If the claim is directed to a patent-ineligible concept, then the second step of the framework applies. Step two involves determining whether the claim contains sufficient content to ensure that it amounts to significantly more than the abstract idea itself.

Infer What Constitutes an Abstract Idea From Examples

Regarding the first step of the framework and patent-ineligible concepts, the Court did not specifically delineate the parameters of what constitutes an abstract idea. Instead, the Court identified cases in which claims were directed to abstract ideas. These include: hedging against the risk of price fluctuations in Bilski; converting numbers from decimal to binary form using an algorithm in  Gottschalk v. Benson, 409 U.S. 63 (1972); computing alarm limits in a catalytic conversion process with a mathematical formula in Parker v. Flook, 437 U.S. 584 (1978); and providing intermediated settlement or escrow in Alice. Accordingly, abstract ideas may include fundamental economic and longstanding commercial practices, mathematical equations and formulas, algorithms, and methods of  organizing human activity. These examples provide some context for assessing what may comprise an abstract idea.

Abstract Idea Plus Significantly More May Equal Patent Eligibility

The rationale for excluding laws of nature, natural phenomena, and abstract ideas from patent eligibility stems from the principle that such concepts serve as the building blocks for scientific and technological innovation, and encourage  competitive development. The Court noted, however, that a claim involving patent-ineligible subject matter, such as an abstract idea, is not per se precluded, referring to Diamond v. Diehr, 450 U.S. 175 (1981). As reflected in the second step of the Mayo framework, if there is an inventive concept that transforms an abstract idea into significantly more, then a claim may be patenteligible. According to the Court’s opinion in Alice, this may be achieved by improving the functioning of the computer itself, improving any other technology or technical field (referring to Diehr), or by a meaningful limitation beyond generally linking the use of an abstract idea to a particular technological environment. Ideally, an invention’s contribution to knowledge in the technical field should be  commensurate with the exclusivity rights that a patent would bestow.

Increase in Patent Quality and Specificity May Decrease Patent  Trolling

Following Alice, there should be less activity from patent assertion entities (PAEs), more commonly known as “patent trolls.” In general, patent trolls don’t exploit their patents through manufacturing a product or implementing a process. Instead, their business model involves acquiring a slew of  bargainbasement priced patents with broad-based claims — the validity of which are often questionable because they are generically directed to abstract ideas, have vague limitations, or overuse functional language (reciting what something does instead of what it is) — and then threatening or suing a third party for alleged infringement of those patents in the hopes of extracting license or  settlement fees.
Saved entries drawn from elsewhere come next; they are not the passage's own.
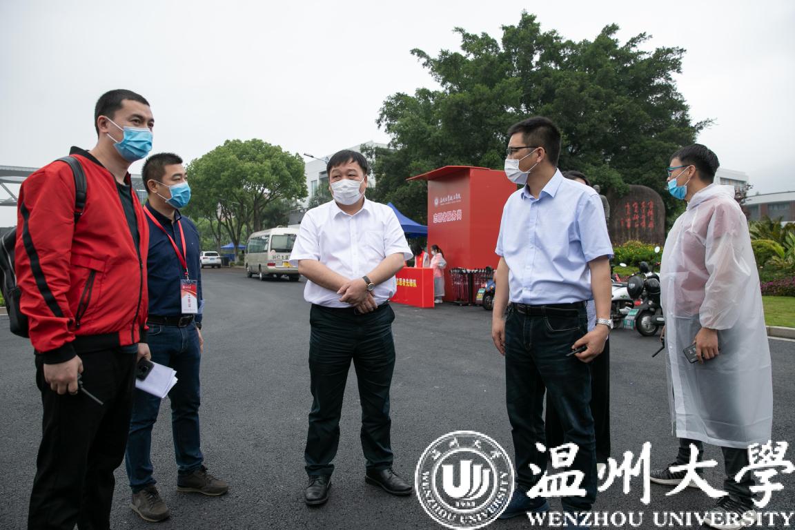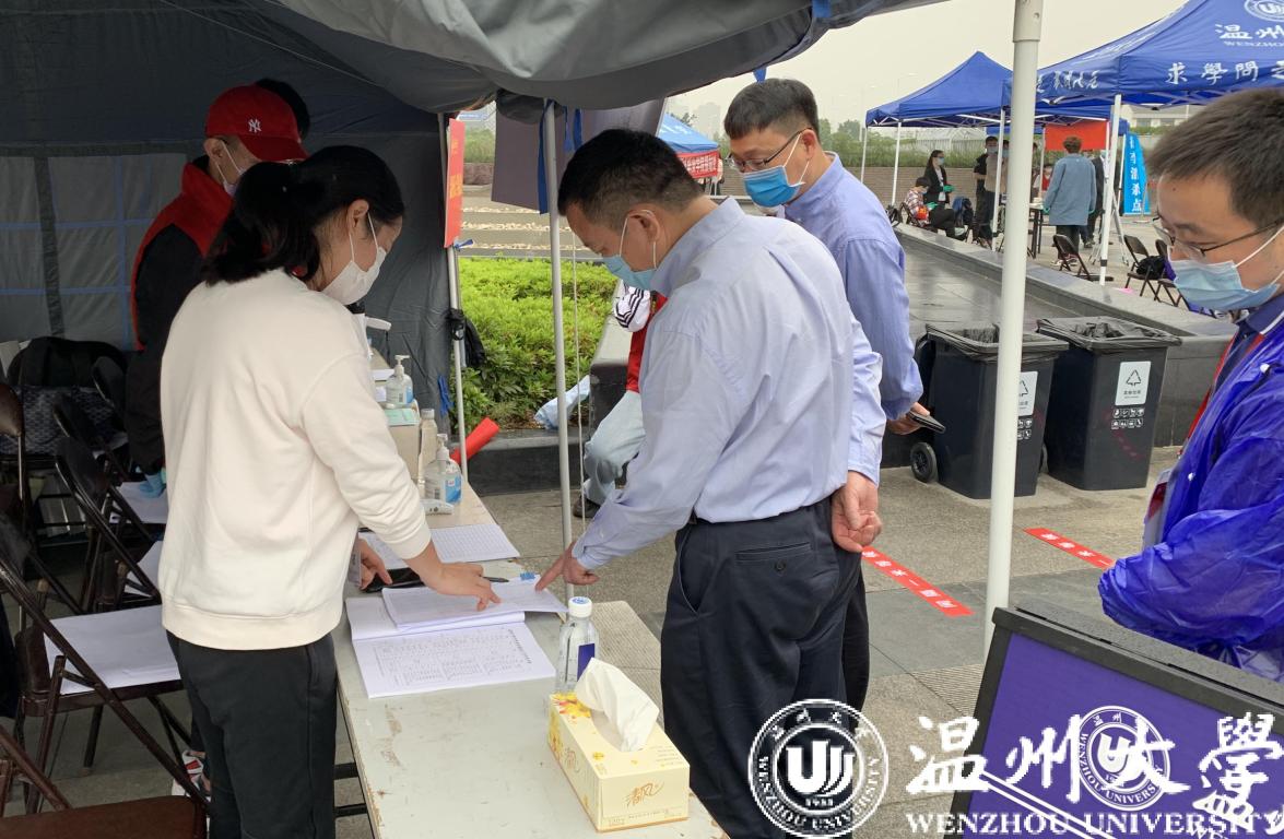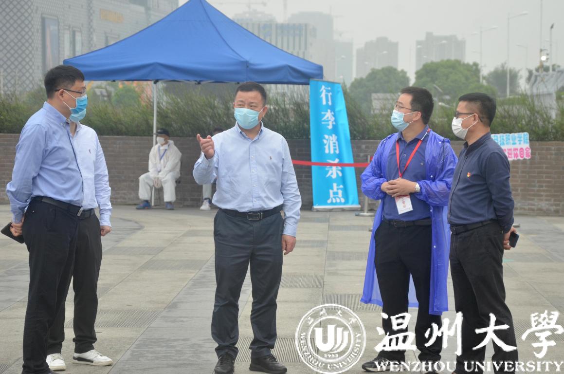 5月7日,校党委书记谢树华来到新澳门六合彩 设在温州动车南站等处的接待点、消杀点和报到点,对报到和接站流程进行检查,并亲切慰问返校学生和接站工作人员。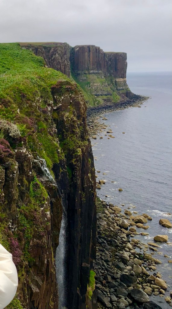 Bem próximo dali, fomos ao Kilt Rock e Mealt Waterfall. Também conseguimos chegar até lá de motorhome. Haviam vários outros também e estacionamento apropriado para esse porte de veículo (isso foi bem comum em diversos pontos turísticos). A paisagem é lindíssima, me surpreendeu mais do que The Storr. Uma cachoeira cai direto no mar, a Mealt Waterfall, e uma linda formação rochosa de pano de fundo, o Kilt Rock, que lembram os tradicionais “kilts” escoceses.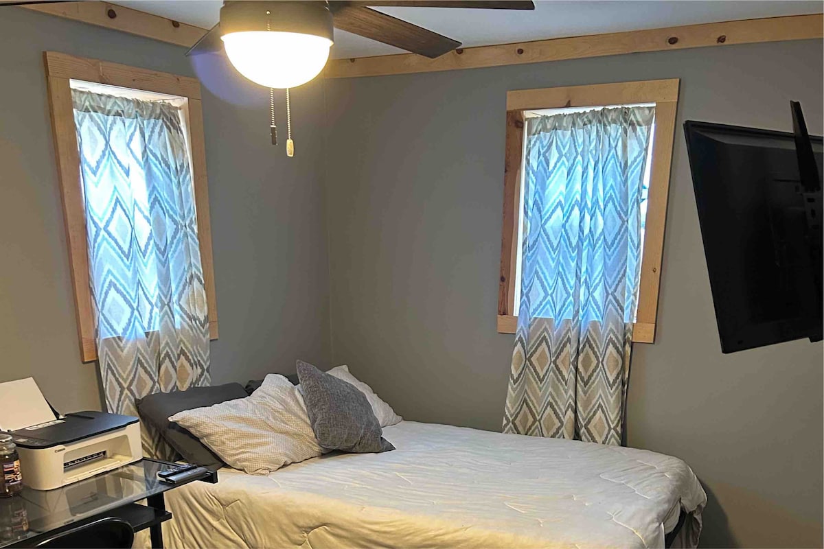 Evadează în dealurile din sud-estul Ohio la Camp Forever II! Camp Forever este la 20 de minute de Universitatea din Ohio și la 5 minute de mers cu mașina de 2 fabrici de vin! Oferim facilități precum o cadă cu hidromasaj, șemineu și jocuri! Cabana are un dormitor principal cu un pat matrimonial și un dormitor suplimentar cu 2 paturi de o persoană și o saltea extensibilă. Ne plac animalele de companie și insistăm să le aduci cu tine pentru ședere. proprietatea are o scară în spirală* drumuri secundare necesare pentru a accesa proprietatea* O altă cabană se află la 67 ft distanță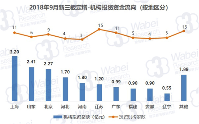 2018年9月,新三板企業(yè)共定增募資34.65億元,其中,機(jī)構(gòu)對(duì)企業(yè)投資17.30億元,環(huán)比降30%。機(jī)構(gòu)投資總額占新三板企業(yè)募資總額的50%。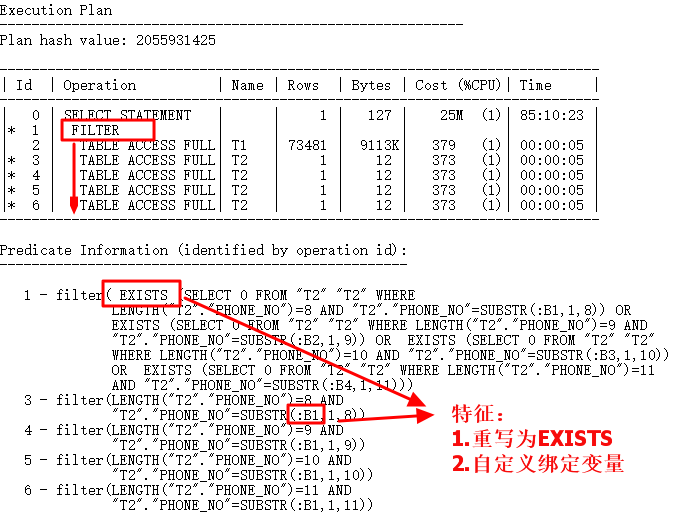 所以,以后看到有自动生成的绑定变量的执行计划,都是类似Filter的操作,比如标量子查询,UPDATE关联子查询,优化的话,都需要干掉(类)Filter来优化。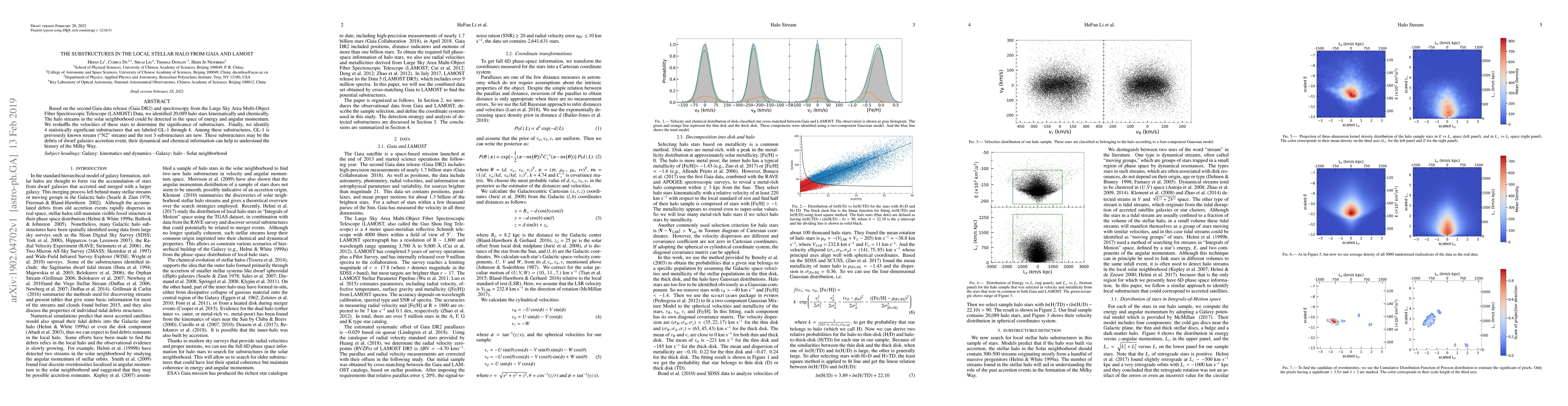 This paper identifies 4 statistically significant substructures in the local stellar halo using Gaia DR2 and LAMOST data, including the previously known "N2" stream and 3 new substructures, suggesting they may be remnants of dwarf galaxy accretion events. These findings provide insights into the Milky Way's formation history.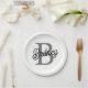 Prato De Papel Monograma Moderno Nome do Elegante Script de Cinza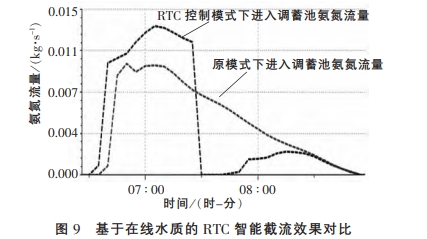 由圖7、圖8可知,增設(shè)鴨嘴閥后,當(dāng)調(diào)蓄池?zé)o調(diào)蓄空間時,各截流井分別溢流,單次降雨情境下溢流氨氮總量為 35.681kg。而未增設(shè)鴨嘴閥時單次降雨情境下,主要從截流井3處發(fā)生溢流,造成主截流管道的混合污水溢流,總溢流氨氮量為43.092kg。通過截流系統(tǒng)的優(yōu)化,能夠使單次降雨情境下,溢流污水氨氮總量削減 17.2%。(3)基于在線水質(zhì)反饋的 RTC 智能截流效果模擬結(jié)果。結(jié)合降雨期溢流污水氨氮變化特征呈現(xiàn)先降后升的特點,且各截流井溢流污水濃度存在差異,通過調(diào)蓄池前段設(shè)置電動閘門,并在截污井1處設(shè)置在線氨氮儀表,模擬合流制污水 RTC智能截流的效果,截流效果對比如圖9所示由圖9可知,采用RTC控制時,能夠提升降雨期合流污水氨氮的截流總量,運行后效果較原工況提高氨氮削減量 7.5%。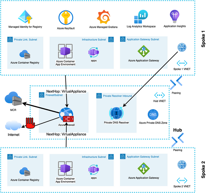 However this empowerment is only helpful if a mature cloud organisation can ensure the fully private network integration of multiple Azure Container App Environments at scale without needing to restrict developer teams again.

Patent troll activity is high when it comes to computer-implemented inventions. But that is likely to change given the landmark ruling in Alice that linking the generic use of a computer with an otherwise patent-ineligible concept, does not make a claim patent-eligible under 35 U.S.C. §101. Effectively a corrective  measure, it raises the standards for securing patents for computer-implemented inventions. By requiring more claim specificity, patent quality should increase. And higher quality patents should help minimize the ammunition available for patent trolls.